A new gene study is out today casting doubt on the theory that elevated levels of vitamin D can help guard against type 2 diabetes. That doesn’t mean you should sit in the house, but those taking supplements to guard against the disease are missing the boat on preventing the disease.

Previous research had suggested a possible link between vitamin D deficiency and type 2 diabetes. A gene study, published in the latest issue of The Lancet Diabetes & Endocrinology, is pushing back on that assertion. Researchers found no connection between the various genes that control vitamin D levels and a person’s risk of developing type 2 diabetes.

Want to prevent developing the disease. Diet and exercise. Yeah, the magic pills are not going to save you, but going for a walk just might. Lead study author, Dr. Nita Forouhi of the University of Cambridge, explained the findings.

“Our findings suggest that interventions to reduce the risk of type 2 diabetes by increasing concentrations of vitamin D are not currently justified. Observational studies that show a strong and consistent higher risk of type 2 diabetes with lower levels of vitamin D may do so because they have thus far not been able to adequately control for distorting or confounding factors, such as physical activity levels.”

There is a long-term trial that is further testing the theory of vitamin D deficiency and type 2 diabetes, but the thirty-five short-term studies are essentially sealing the door shut on the idea that active vitamin D supplementation can ward of type 2 diabetes.

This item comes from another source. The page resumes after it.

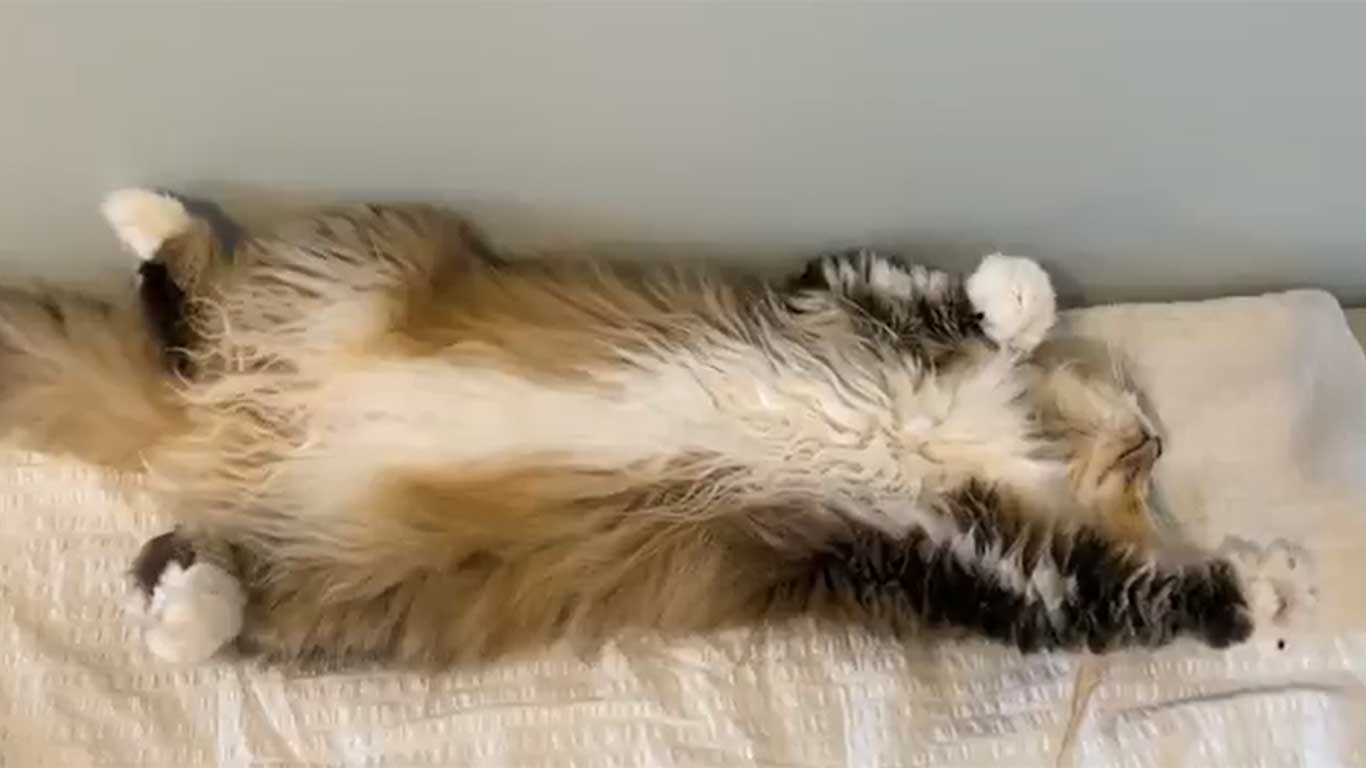 そんなコメントとともに投稿された動画には、仰向けに寝そべるねこが映っています。まるでスローモーションのように、ゆっくりと交互に動く前足。いわゆる“エアふみふみ”をしています。あまりにユニークな動作に、見ているだけで笑みがこぼれてしまいそうです。
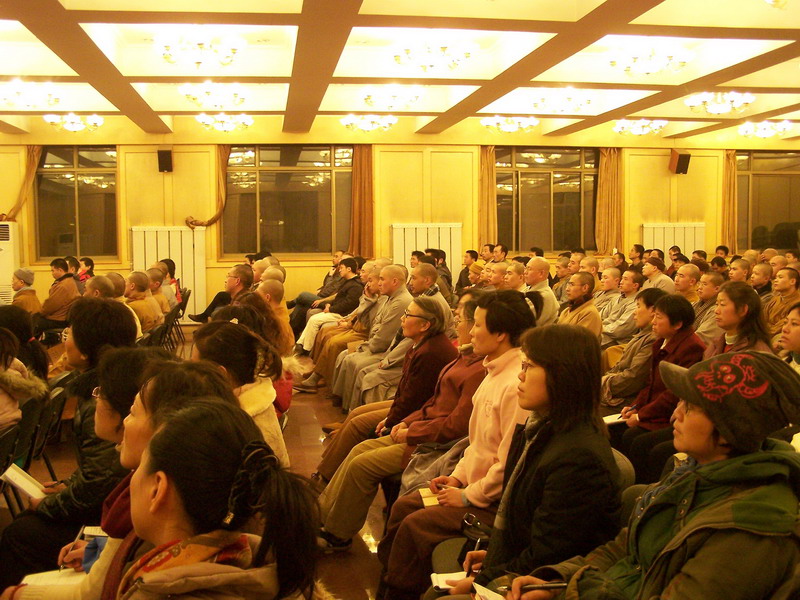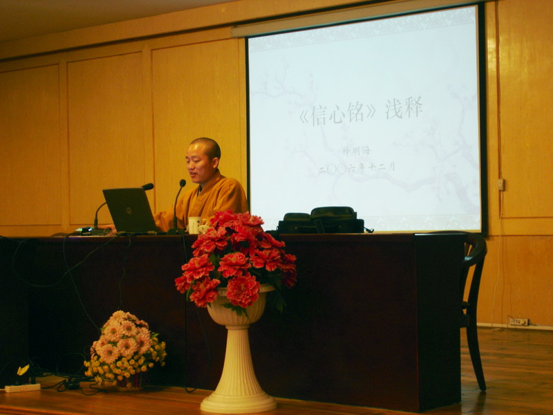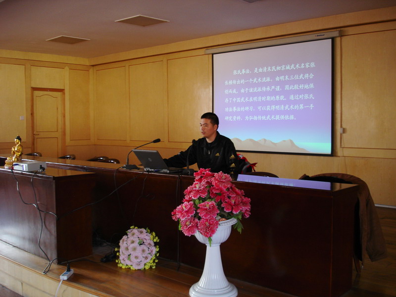 9日上午,在普贤阁,大家在明影法师带领下学习坐禅。下午在佛学院礼堂,首都体育学院茹凯教授作了题为《中国武术的历史与文化》的讲演,之后由醉鬼张三门第四代嫡传张晓航老师作题为《“醉鬼张三”武术源流与内涵》的讲演,并为大家现场表演了几个武术动作。报告会结束后,大家来到普贤阁前的空地,张晓航老师带领佛学院的学生一起演练大悲拳。晚上,在佛学院礼堂,来访客人和9323彩集团常住大众一起聆听了明海大和尚的开示:《〈信心铭〉浅释》。明海大和尚用生动、通俗的语言讲解了《信心铭》的涵义,告诉大家要以“不二”的心态对待自己生命中显现的一切境界。大和尚精彩的开示,博得了听众热烈的掌声。

That’s not to say you shouldn’t be getting your daily dose of the vitamin, it just means you can’t take out a dozen donuts and pop a vitamin D pill and expect that to end well for your overall health. The mantra of moving around and sensible diet is the constant in keeping you healthy well into your golden years.

I know, blitzing the bakery like Genghis Khan is fun, but we all pay for it in the end. If you are looking for tips on how to prevent type 2 diabetes, the U.S. Office of Disease Prevention has an excellent primer.